Posted at: 10/08/2012 12:39 AM
| Updated at: 10/08/2012 10:40 AM
By: Dan Levy
ARGYLE - What would you do if you suspected one of your neighbors was abusing animals? After residents of a Washington County mobile home park say authorities weren't doing enough, they decided to take matters into their own hands.
No one has been arrested or charged. So WNYT is not identifying the alleged abuser. Also the neighbors -- fearing retaliation -- requested that their identities be protected.
Inside a large white trailer, now up on wheels and ready to be hauled off the property, neighbors say dogs have been yapping up a storm all summer long.
On Saturday afternoon, a white pit bull puppy was pulled out. His gray litter mate was rescued on Sunday morning. Both of them were found, according to neighbors, not just in deplorable living conditions, but inside a carefully sealed shower stall.
"She duct-taped the shower door shut with the dogs in there with no food, no water, and no electricity," said the man now caring for one of the puppies. "It was just horrible conditions up there. The house is filled with feces. As soon as you open the front door, the smell is overwhelming."
Neighbors insist they only acted after officials decided not to go in. Washington County Animal Control Officer Ed Holland told NewsChannel 13 he has no legal authority to enter a private residence. He also says a sheriff's deputy called to the park on Saturday decided not to go inside.
Neighbors say it's not the first time they've taken animals from the home and given them to adoptive families.
"Some people came and just took puppies," said one neighbor. "I personally got homes for a bunch of the kittens that were running around and not being fed."
The woman says if the pet owner realized the animals were missing, she never said anything or else "she just didn't care."

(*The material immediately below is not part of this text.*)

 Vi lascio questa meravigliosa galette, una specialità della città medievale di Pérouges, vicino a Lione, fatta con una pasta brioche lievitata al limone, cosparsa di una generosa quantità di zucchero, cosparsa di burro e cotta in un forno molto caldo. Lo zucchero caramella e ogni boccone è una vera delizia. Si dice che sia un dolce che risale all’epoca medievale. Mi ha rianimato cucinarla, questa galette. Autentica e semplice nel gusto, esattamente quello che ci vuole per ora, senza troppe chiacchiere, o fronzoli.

Another neighbor says she spotted four puppies and three kittens stuffed together inside a tiny bird cage in the backyard. But the disturbing thing about that story is what the alleged abuser said.
"When my daughter questioned her about it, her response was, 'I'm sick of (the animals)' and she was going to snap the necks on the kittens and throw the dogs out the windows when she drove down the road," the neighbor said.

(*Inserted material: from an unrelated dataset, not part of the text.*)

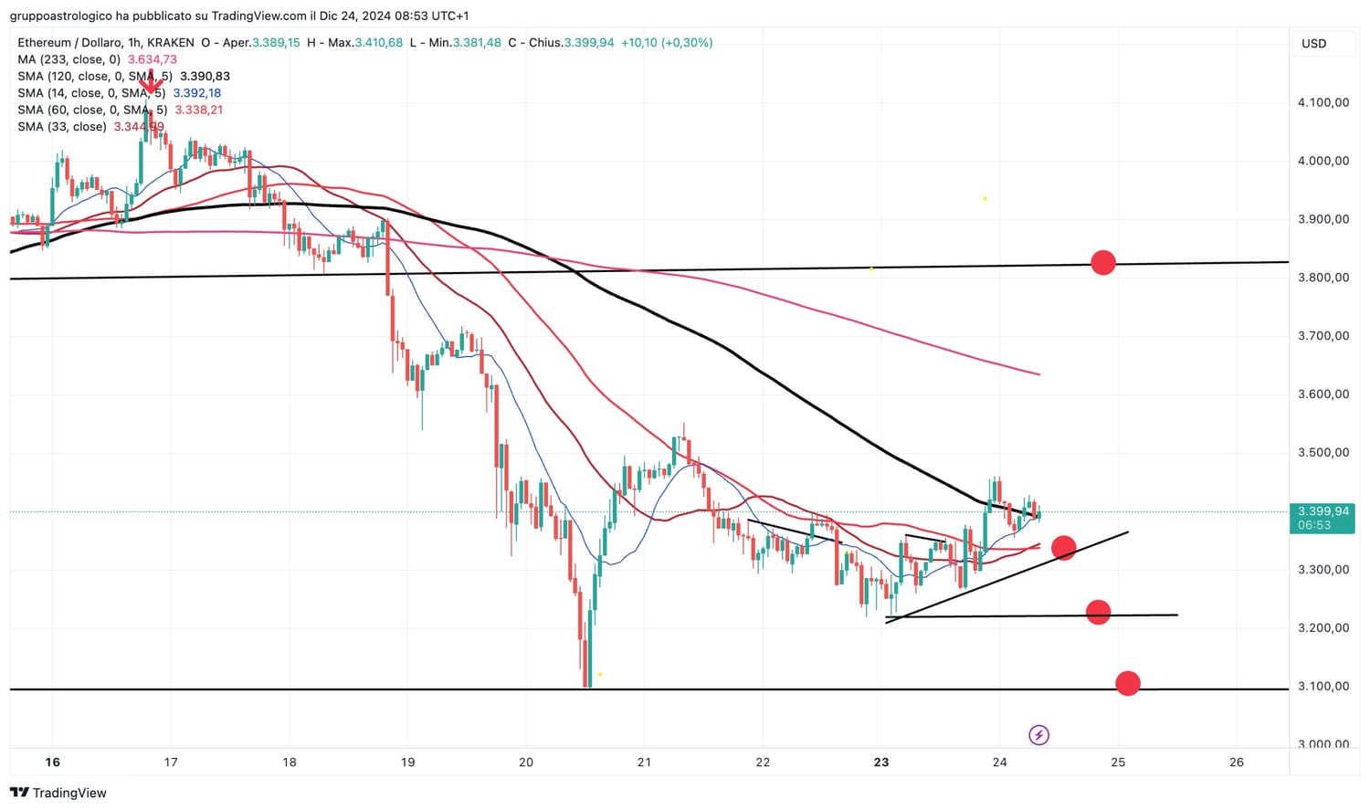 Mentre BITCOIN ha già fatto un doppio minimo di breve, ETHEREUM è rimasto per ora sopra i 3100 punti del 20 Dicembre e staziona al momento attorno ai 3400 dollari.

That's why the person now caring for the rescued puppies considers his actions a preemptive life-saving necessity.
"I'll do all I can for her not to get them back," the man said.
Neighbors say the alleged abuser hasn't lived there in "quite a while," leaving the animals behind. They say they expect the trailer to be moved off the property in a matter of days and they have no idea where the woman is living now.

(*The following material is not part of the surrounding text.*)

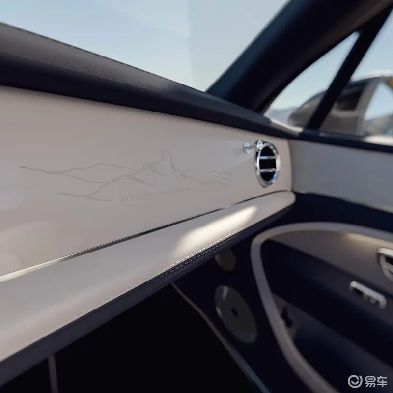 云境版车型的专属设计图案,以蚀刻工艺呈现于仪表板,并刻有“Roque Bentayga”山峰的精确经纬度。同款图案还呈现于座椅肩部区域、车门面板以及迎宾灯投影设计之中。照明式迎宾踏板与带有云境版专属标识的翼子板通风口,共同成就车型的独特风格。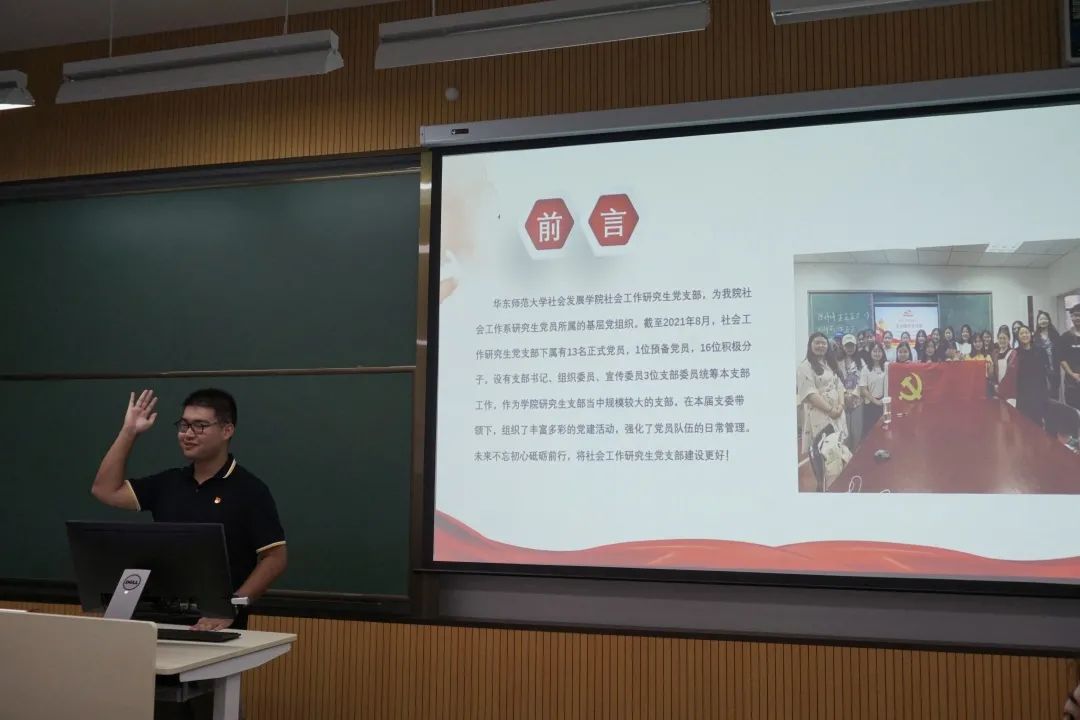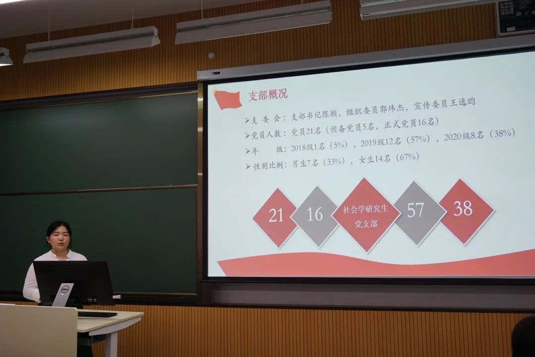 随后,社会学硕士研究生党支部、社会工作硕士研究生党支部、人口所硕士研究生党支部以及博士研究生党支部进行支部风采展示,从支部概况、日常工作、特色党日活动等多个方面向新生展示了各支部的基本图景。

However, they also suspect she has at least one dog left -- the mother of the puppies.
As of midnight Sunday, WNYT had received no return call from the Washington County Sheriff's Department seeking comment.
Holland says he believes the person who took the dogs is covered under the Good Samaritan Act.
However, area attorney Arnold Proskin says he's doesn't think so. Proskin also said, as a former district attorney, he would not have prosecuted the case, given the circumstances that the neighbor apparently had good intentions.